Die Wahl gilt als bundesweiter Stimmungstest, weil NRW mit über 18 Millionen Bürgerinnen und Bürgern das bevölkerungsreichste Land im Bund ist, es ist wie eine kleine Bundestagswahl, ein Test für Olaf Scholz und die Politik der Ampel, ein Test für seine umsichtige, nachdenkliche Politik gegenüber Waffenlieferungen an die Ukraine im Krieg gegen Putins Russland, die von Merz und Söder heftig unter Feuer genommen wird, Söder spricht im Zusammenhang mit Scholz schon von einem Politik-Stil, der eines Kanzlers unwürdig ist.
Es ist ein Test für Friedrich Merz, den neuen CDU-Partei- und Fraktionschef. Es wäre mehr als eine Schlappe, wenn die CDU mit Merz nach dem Verlust des Saarlands auch das Land NRW wieder an die SPD abgeben müsste. Nicht umsonst wirft er alles nach vorn, reist nach Kiew, um Scholz die Bühne zu nehmen, tritt mit Wüst und Markus Söder gemeinsam im Wahlkampf auf.
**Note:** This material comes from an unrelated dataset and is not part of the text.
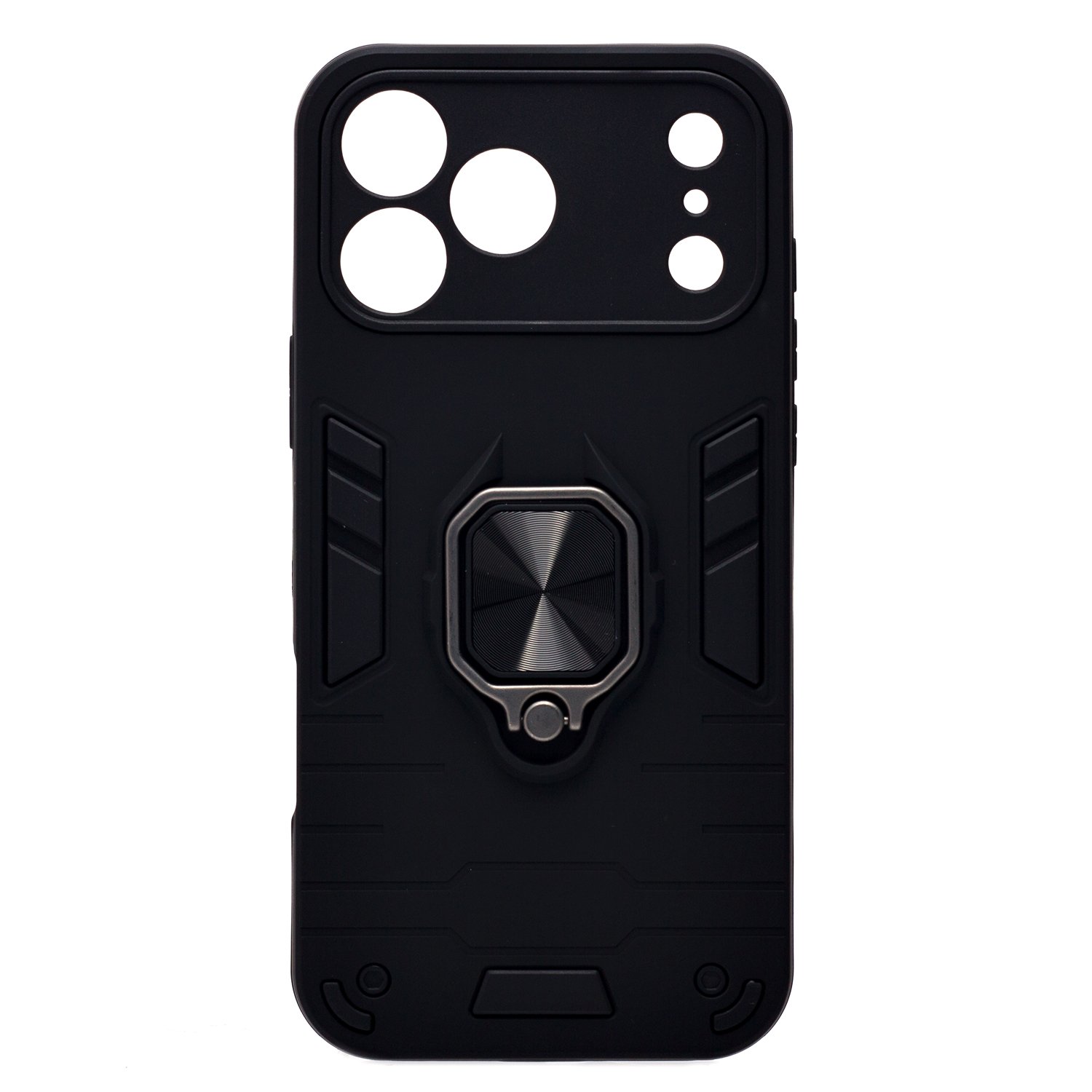 Накладка Apple iPhone 17 Pro Max черный силикон+пластик Противоударный кольцо-подставка + магнитный держатель

Ausgerechnet mit dem CSU-Chef und bayerischen Ministerpräsidenten, der dem Wüst-Vorgänger Armin Laschet das Leben schwer machte, als dieser als Kanzlerkandidat der Union vergeblich um die Macht in Berlin kämpfte. Söder will Merz und Wüst helfen. Hat er gesagt. Ist das nun eine Drohung oder was sonst? Mir fällt zu Söder, dem Egomanen aus Franken, dem das Mannschaftsspiel fremd ist und der nur sich kennt, der Satz ein: Wer solche Freunde hat, braucht keine Feinde.